Yesterday I was driving along through some backwoods nowhere place in rural South Carolina. I honestly couldn’t even tell you the name of the town. I was trying to outrun a storm, a silly proposition in my old slow van.

I passed a building for sale. Decrepit but decorated with a hand painted sign that said ‘Paradise Club’. I stopped to photograph it. I’m not so into ruin porn these days (click the link to read my thoughts on that subject) but this one was hard to resist. The blatant contradiction. Paradise Lost club? Har har.

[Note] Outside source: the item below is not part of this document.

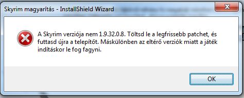 Üdv. Skyrim-re akartam rávarázsolni honosítást,de dob egy ilyet telepítés közben:

There’s a yellow shopping cart parked out front. It’s full of detritus. An aged pile of pages held closed by a piece of asphalt in the space where a toddler or a carton of blueberries might have been placed once upon a time. I walk up, point my camera at it and a voice calls out from behind me.

“Are you disabled?”

No I think to myself, curious and a little bored but not disabled.

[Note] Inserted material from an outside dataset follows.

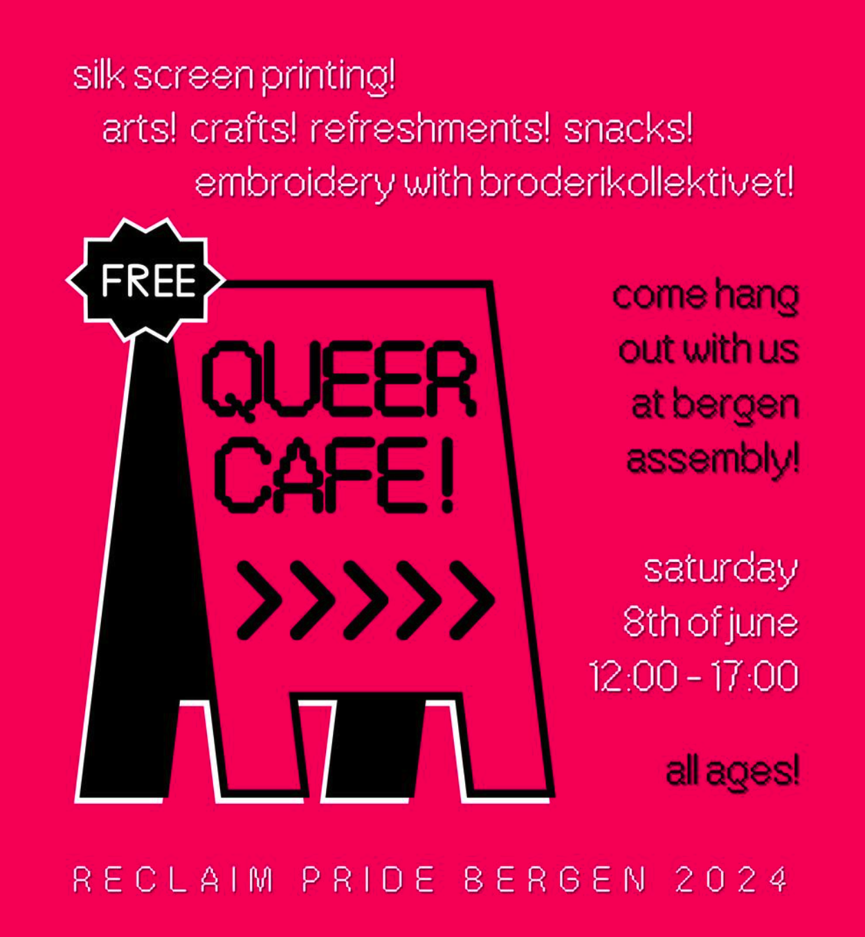 RECLAIM PRIDE BERGEN: Queer Café with Broderikollektivet + silkscreen workshop + pre-party!

“Just looking around,” I say to the bent old man who I find behind me.

He’s wearing a red t-shirt that’s unintentionally short, a crop top really. Wire frame glasses, a lanyard with a plastic card on it, a little lavender container of what might be pepper spray clipped to the belt that holds up his baggy chinos. He squints even though it’s not sunny out. He spits when he talks and stands a little too close. It’s kind of disturbing but his words are clear and very interesting.

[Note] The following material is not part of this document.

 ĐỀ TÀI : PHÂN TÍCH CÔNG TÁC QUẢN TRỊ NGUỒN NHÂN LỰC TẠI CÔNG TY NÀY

Turns out he’s a big fan of history, he starts rattling on about the greedy woman who owns the Paradise Club and tells me she’s asking for too much money. Says some people are so rich and they find it’s never enough. They cling to their wealth and worship it like a God.

He starts spouting facts and dates of historic events. Tells me the Columbine massacre happened on Hitler’s birthday 110 years after he was born. I ask where he’s from. He tells me about the first guy to win the Medal of Honor in Vietnam who’s from Saugerties where he grew up.

I’m a little unnerved but also a little intrigued. This guy could probably be the subject of a film. Marwencol all over again. A savant in the broke down backwater. How did he end up here?

I’m politely backing away from both the effluence and the weirdness. He’s following. He leans on the van and continues talking. Asks no questions about it, doesn’t even seem to notice it. I kind of love that. The van is low hanging fruit and he won’t pick it.

I can see the storm clouds behind him getting closer, the horizon is the color of bruised skin. I tell him I better get on with it. He tells me that today is the anniversary of Hitler’s suicide and that the Nazis fought for eight more days after he died. With that he connects the dots as to why he started talking about school shootings in the first place. I’m floored.

I say goodbye, he says sorry for taking up so much time. I tell him it was a pleasure to talk. That’s the truth.

His name is Bob. I fact check him with Google as a I drive away. He’s spot on. Hitler did kill himself on April 30. Columbine did happen in 1999. Roger Hugh Charles Donlon was the first to win the Medal of Honor in Vietnam and he is from Saugerties.

What the fuck…

I wish I would have taken his picture, but I was a little scared.

I did take a cowardly shot through the back window of the van as he walked away. At least I know he’s not a ghost, or was he?